Nella sala consiliare di Rivarolo Canavese, l'altra mattina, la «Nuova Zincorotostatica», presente sul territorio rivarolese dal 1960, ha annunciato investimenti in Canavese che porteranno a 50 nuovi posti di lavoro. E' stata infatti avviata una nuova avventura scommettendo sulla capacità di crescita dell'azienda, promuovendo il progetto «verniciatura», realizzato utilizzando lo spazio interno del capannone, attualmente destinato a magazzino, adiacente a quello della Nuova Zincorotostatica. Il gruppo allo stato attuale conta 39 dipendenti nello stabilimento di Rivarolo e 72 dipendenti nello stabilimento polacco. La realizzazione del progetto verniciatura, considerando l’attività nel suo pieno regime, porterà alla creazione di 50 nuovi posti di lavoro e contribuirà a dare nuovo impulso all’economia locale.
In un periodo in cui i lavoratori canavesani sono messi in ginocchio da un insopportabile stallo della produzione, l’assunzione di lavoratori costituisce una voce fuori dal coro. La contitolare, Paola Rua, ha ripercorso la storia della sua azienda e quella della sua famiglia, a partire dal nonno Paolo Rua e dalla nonna Morutto Olga che svolgevano attività di zincatura e cromatura a livello artigianale.
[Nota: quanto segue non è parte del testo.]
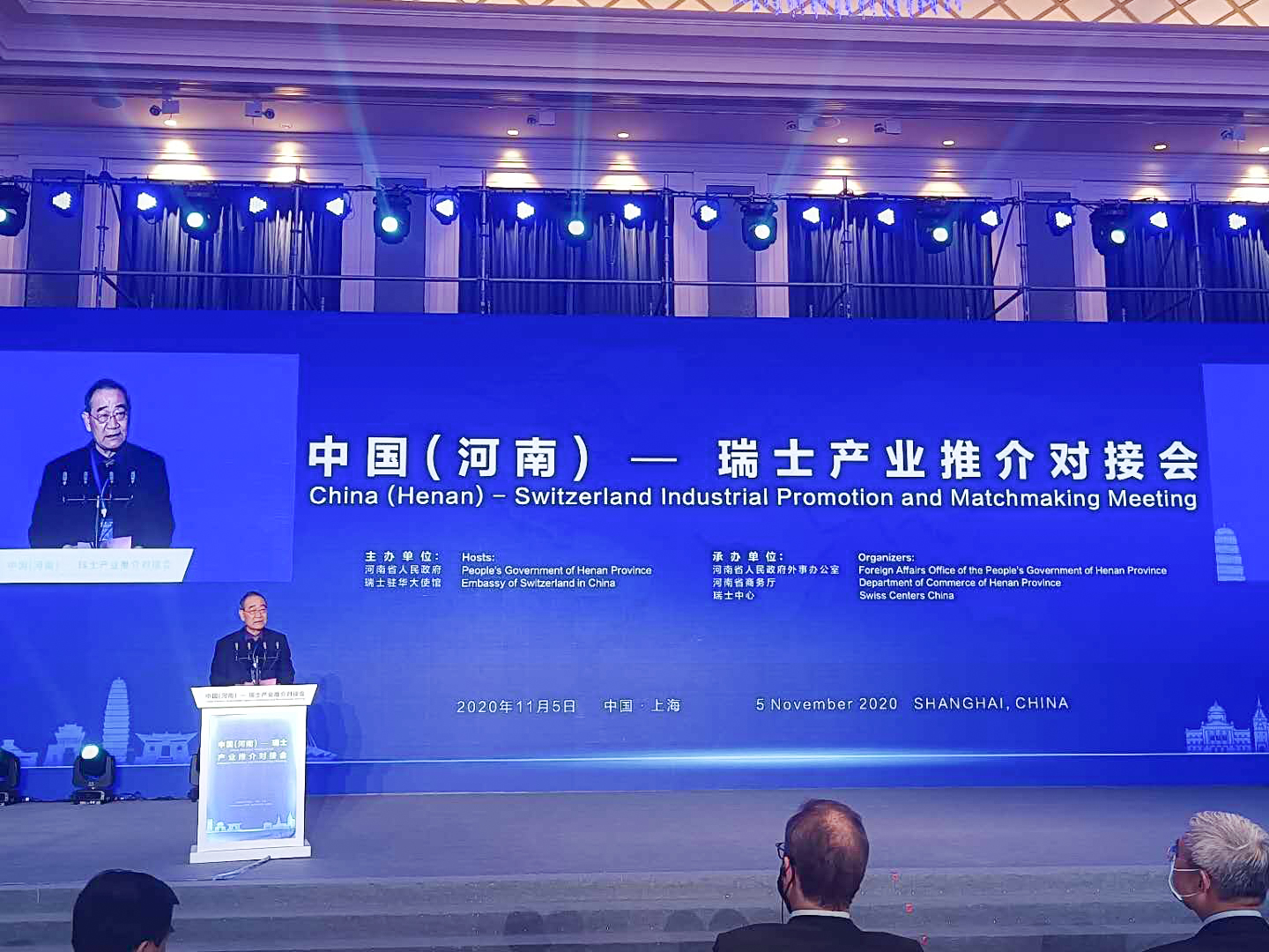 11月5日,河南省人民政府、瑞士駐華大使館在上海進博會上,隆重舉辦中國(河南)—瑞士產(chǎn)業(yè)推介對接會。西繼迅達董事長劉金忠應邀參加了上海進博會中瑞產(chǎn)業(yè)推介對接會,并作精彩發(fā)言。

Nel 1986, essendo aumentato il lavoro, il capostipite Bartolomeo Rua ha compiuto il grande passo con la costruzione del nuovo capannone industriale in strada del Guarasco a Rivarolo, il trasferimento degli impianti preesistenti, l’avviamento di nuovi impianti produttivi e delle nuove lavorazioni di zincatura elettrolitica: così la Zincorotostatica è diventata Nuova Zincorotostatica. Le tre sorelle, Emanuela, Mariangela e Paola, sono entrate a far parte dell'organico aziendale dopo gli studi, ricoprendo ruoli di responsabilità nelle diverse aree aziendali. L'azienda, nel corso della crisi, pur avendo subito cali di produzione importanti, ha profuso enormi sforzi rivolti alla salvaguardia dei posti di lavoro e con orgoglio può affermare di averli mantenuti senza l’ausilio di ammortizzatori sociali.